Gulf Power Co. v. Federal Communications Commission

669 F.3d 320, 399 U.S. App. D.C. 263, 55 Communications Reg. (P&F) 709, 2012 U.S. App. LEXIS 3323
CourtCourt of Appeals for the D.C. Circuit
DecidedFebruary 21, 2012
Docket11-1215
StatusPublished
Cited by8 cases

This text of 669 F.3d 320 (Gulf Power Co. v. Federal Communications Commission) is published on Counsel Stack Legal Research, covering Court of Appeals for the D.C. Circuit primary law. Counsel Stack provides free access to over 12 million legal documents including statutes, case law, regulations, and constitutions.

Bluebook
Gulf Power Co. v. Federal Communications Commission, 669 F.3d 320, 399 U.S. App. D.C. 263, 55 Communications Reg. (P&F) 709, 2012 U.S. App. LEXIS 3323 (D.C. Cir. 2012).

Opinion

Opinion for the Court filed by Senior Circuit Judge WILLIAMS.
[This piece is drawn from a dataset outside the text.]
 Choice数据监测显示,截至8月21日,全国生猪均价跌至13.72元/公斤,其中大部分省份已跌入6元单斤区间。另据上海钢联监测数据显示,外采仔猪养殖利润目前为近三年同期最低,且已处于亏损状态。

WILLIAMS, Senior Circuit Judge:

In 1978 Congress passed the Pole Attachments Act, which set a ceiling and a floor on the price that cable television operators and telecommunications carriers (here called cable operators for simplicity’s sake) must pay to attach their lines to a power company’s utility poles. See 47 U.S.C. § 224(d). The act directs the Federal Communications Commission to “regulate the rates, terms, and conditions for pole attachments to provide that such rates, terms, and conditions are just and reasonable,” id. § 224(b)(1), and then sets the bounds for what is “just and reasonable”:

[A] rate is just and reasonable if it assures a utility the recovery of not less than the additional costs of providing pole attachments, nor more than an amount determined by multiplying the percentage of the total usable space ... which is occupied by the pole attachment by the sum of the operating expenses and actual capital costs of the utility attributable to the entire pole, duct, conduit, or right-of-way.
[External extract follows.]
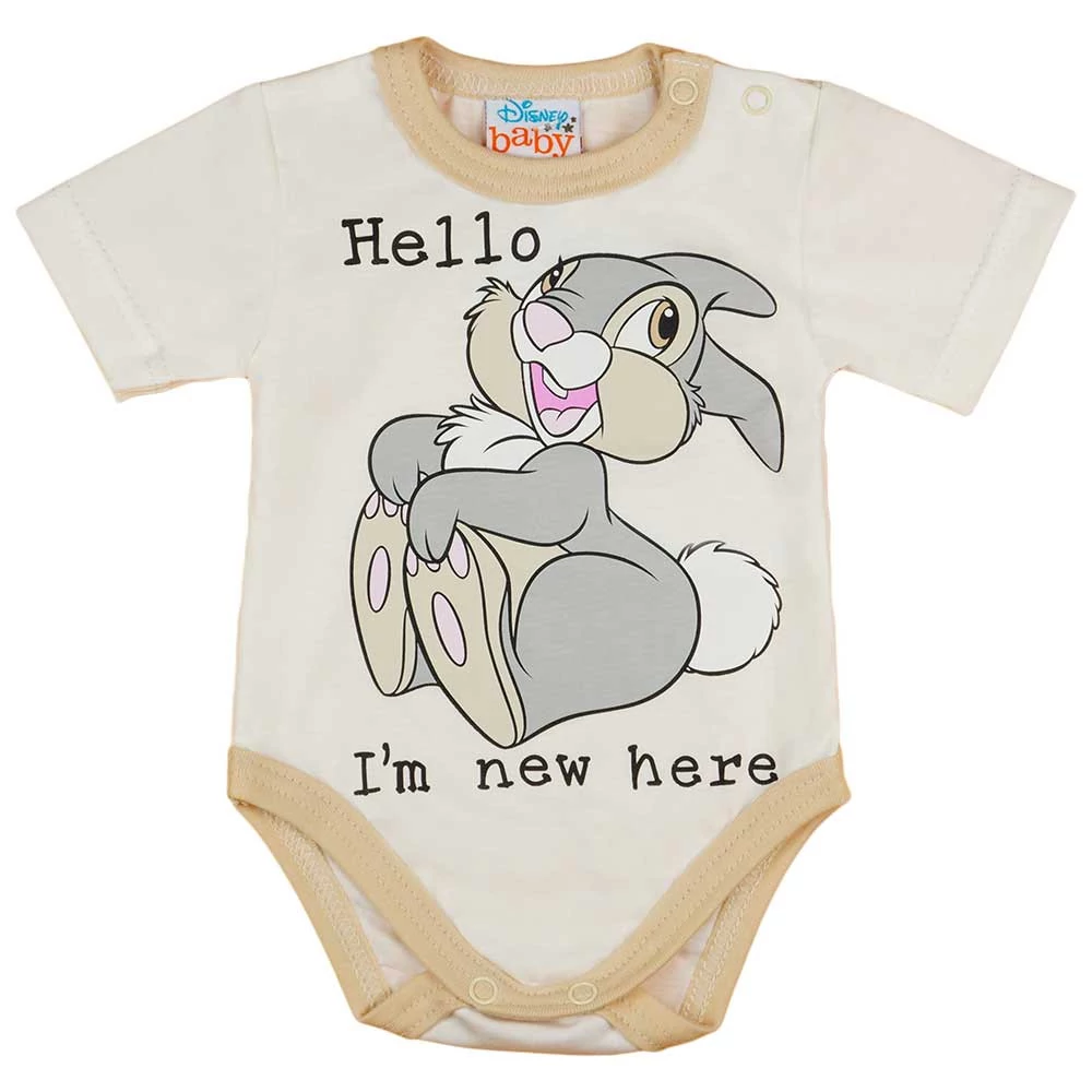 A Thumper nyuszi mintával ellátott rövid ujjú baba body kényelmes viselet kisbabád számára, és garantáltan elvarázsolja a Disney rajongókat. A natúrszínű, 100% pamut anyagból készült body egyszerre puha és strapabíró - tökéletes választás a mindennapokra és a különleges alkalmakra egyaránt. A vállon található nikkelmentes patentok segítségével könnyedén felvehető és levehető, így a pelenkázás sem jelent majd gondot. A minőségi magyar termék, amelyet a hazai Andrea Kft. gyárt, biztosan hosszú ideig fogja kísérni gyermeked növekedését és fejlődését. A Thumper nyuszi mintával nyomott baba body nem csak kényelmes viseletet, de vidám pillanatokat is ígér számotokra.

Id. § 224(d). Congress thus specified a minimum charge (characterized by the Supreme Court as the “marginal cost of [the] attachments,” FCC v. Florida Power Corp., 480 U.S. 245, 253, 107 S.Ct. 1107, 94 L.Ed.2d 282 (1987)) and a maximum (“the fully allocated cost of the construction and operation of the pole to which [the] cable is attached,” id.). The FCC promulgated regulations that clarified how to calculate the upper limit of Congress’s formula and appeared to make the maximum rate the ceiling for what the utility may charge (as the word maximum implies). See 47 C.F.R. § 1.1409(e); but cf. id. § 1.1409(b).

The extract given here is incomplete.